I am training my own model with portuguese dataset from Mozilla Comon Voice. I am using Colab for that.
Running this line:
!/content/DeepSpeech/bin/import_cv2.py --filter_alphabet /content/DeepSpeech/data/alphabet.txt ‘/content/drive/My Drive/pt-language’
I got this issue:
Loading TSV file: /content/drive/My Drive/pt-language/test.tsv
Importing mp3 files…
WARNING: No --validate_label_locale specified, your might end with inconsistent dataset.
WARNING: No --validate_label_locale specified, your might end with inconsistent dataset.
I read the docs, I found this " Some importers might require additional code to properly handled your locale-specific requirements. Such handling is dealt with --validate_label_locale flag that allows you to source out-of-tree Python script that defines a validate_label function. Please refer to util/importers.py for implementation example of that function. If you don’t provide this argument, the default validate_label function will be used. This one is only intended for English language, so you might have consistency issues in your data for other languages."

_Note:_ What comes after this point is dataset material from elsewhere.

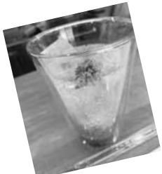
薬膳クラフト ジンジャエール

For sure it has to do with my issue, because I am not training for English language.
But I don’t understand what I have to do.
I saw the importers.py code, it really had mentions about validate_label, but I don’t know where I should change.
lissyx
((slow to reply) [NOT PROVIDING SUPPORT])
5
As documented --validate_label_locale allows you to pass a locale-specific python file containing a function like validate_label to perform cleanup locale-specific.
It worked. I looked for the validate function, find it, then wrote --validate_label_locale /validatefunction.py, as you said and as the docs said.
Now it is training.
Thank you very much!